In an analysis of the gang’s tactics, Microsoft said it is known for purchasing credentials and session tokens from criminal underground forums and searching public code repositories for exposed credentials. If an organization uses multifactor authentication as an extra step to protect logins, the gang has been known to use session token replay and stolen passwords to trigger simple-approval MFA prompts, hoping that the legitimate user of the compromised account eventually consents to the prompts and grants the necessary approval. if an employee’s personal email or smartphone is hacked, they use that access to reset passwords and complete account recovery actions.

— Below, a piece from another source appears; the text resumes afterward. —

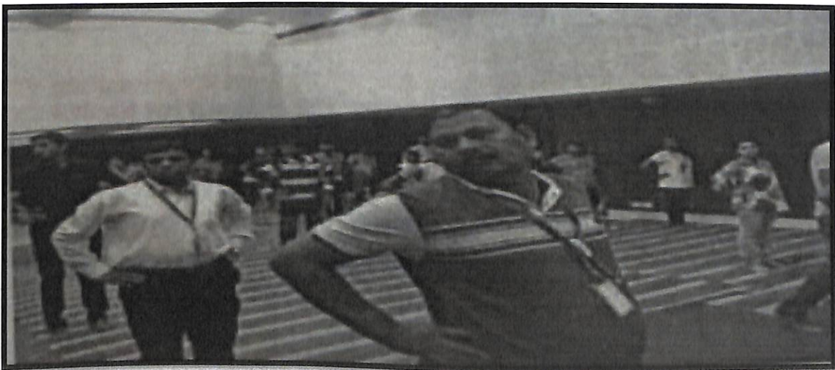
"International Yoga Day on 21.06.2016"

Uber acknowledged the attacker downloaded some internal Slack messages, as well as accessing or downloading information from an internal tool its finance team uses to manage some invoices. Those downloads are being analyzed.

It also admits the attacker was able to access Uber’s dashboard at HackerOne, where security researchers report bugs and vulnerabilities for cash. However, Uber said, any bug reports the attacker was able to access have been remediated.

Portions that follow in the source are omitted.